Her gün maalesef manşetlerden düşmeyen gündem maddelerinden biri kadın cinayetleridir. Her türlü önlemleler rağmen kadın cinayetinin olmadığı gün yoktur. Gerek mevzuatta olsun gerekse polisiye tedbirleri olsun bütün çabalar kadın cinayetlerini önleyememektedir. Durum böyle olunca bu işin polisiye tedbirleriyle çözülemeyeceği açıktır. Zira 24 saat herkesin başına polis dikemezsiniz. Dikseniz dahi bu sorunu çözmeye yetmiyor.
Peki kadın cinayetlerinin psikolojik, sosyolojik, ahlaki sebepleri hiç inceleniyor mu? Yüce Allah'ın: "Birbirleriyle huzur, sükûn bulsun..." (Araf 7/189) diye yarattığı, birbirini severek bir araya gelen, birbirleriyle hayatlarını birleştiren, birbirleriyle evlenen kişiler neden birbirlerinin canına kast ediyorlar. Cinayet işliyorlar.
Bu işin bir eğitim boyutu var. Ahlaki boyutu var.

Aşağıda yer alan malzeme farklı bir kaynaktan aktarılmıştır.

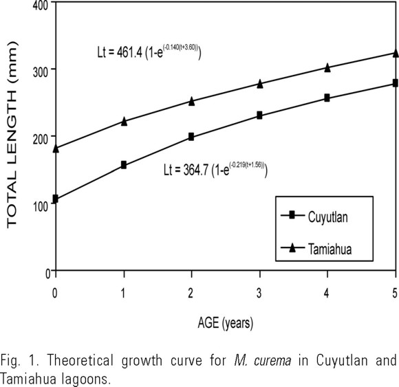 Mugil curema (Valenciennes) is basically an American specie found from Cape Cod, USA to Brazil in the Atlantic Ocean and from Bahia Magdalena, Mexico to Chile in the Pacific Ocean (Jordan & Everman, 1896). However, Alvarez (1976) has recorded M. curema off the western coast of Africa. The M. curema fishery has the 21st place in national importance in Mexico, the yearly catch of this mullet in 1999 was 7,282 metric tons. The commercial catch of white mullet in the Gulf of Mexico represents 97% (7,062 ton) and in the Pacific Ocean 3% (219 ton) (SEMARNAP, 2000). In the Pacific, 44.7 % (98 ton) is obtained in the coast of Colima State and 55.3 % (121 ton) in Chiapas state (SEMARNAP, 2000). In the Cuyutlan Lagoon M. curema price ranges between 2 and 3 mexican pesos per kg. This activity gives employment to 400 fishermen (Cabral-Solís, 1999). Although this species represents an important food source in several countries, there are few studies on its ecology and population dynamics. Some parameters of their dynamics were analyzed by Angell (1973), Alvarez (1976, 1979 and 1981), Richards and Castagna (1976), Phillips et al. (1987), Pérez-Garcia and Ibáñez-Aguirre (1992), Ibáñez-Aguirre and Lleonart (1996), Ibáñez-Aguirre and Gallardo-Cabello (1996 a and b) and Ibáñez-Aguirre et al. (1999). The purpose of the present work is to propose a complete analysis on the growth characteristics of M. curema with regards to the length, weight, sex and longevity in the Cuyutlan Lagoon, Mexico.

Sosyolojik boyut vardır. Gelişen teknolojinin hayatımıza olumsuz yansımaları da olmaktadır. Hız ve haz tutkusu da bazı insanlarda sağlıklı düşünmeyi, doğru karar vermeyi zorlaştırmaktadır. Artık günümüzde dünya bir ölçüde küçülüp cebe sığar olmuştur. İşte cebe sığan dünya insanları da kabına sığmaz duruma getirmektedir. Kabına sığmayanlar da başka arayışlara, başka zevklerin peşine takılarak yuvalarını dağıtmakta, durumlar kontrolden çıktığı zaman da cinayetler işleyebilmektedir.

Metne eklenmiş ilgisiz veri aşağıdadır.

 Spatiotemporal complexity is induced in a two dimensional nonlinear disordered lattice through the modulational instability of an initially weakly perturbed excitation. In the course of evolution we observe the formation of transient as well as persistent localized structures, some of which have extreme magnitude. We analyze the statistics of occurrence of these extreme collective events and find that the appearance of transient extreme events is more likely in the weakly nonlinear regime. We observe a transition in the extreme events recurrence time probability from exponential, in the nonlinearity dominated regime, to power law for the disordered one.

Aile saadetinde sevgi, saygı, sabır ve sadakat olmalıdır. Eşler veya nikahsız bir arada yaşayanlar bir ölçüde birbirlerini severek bu işe başlıyorlar. Birbirlerine sadık olmayınca sevgi kısa sürede bitiyor, sonra düşmanlık ve arkasında cinayetler...
Bizim kültürümüzde kadın beyaz gelinlikle girdiği eve, beyaz kefenle çıkardı. Ancak ahlaki çöküntünün bir sonucu olarak bu durum erozyona uğramaktadır. Aile içi şiddet ve boşanmalar ve arkasında cinayetler maalesef bütün tedbirlere rağmen önlenemiyor. Peki bu tür aile içi şiddeti ve cinayetleri önlemenin bir yolu yok mudur? Elbette vardır. Ancak böyle bir yöntemi deneyecek, uygulayacak irade yoktur.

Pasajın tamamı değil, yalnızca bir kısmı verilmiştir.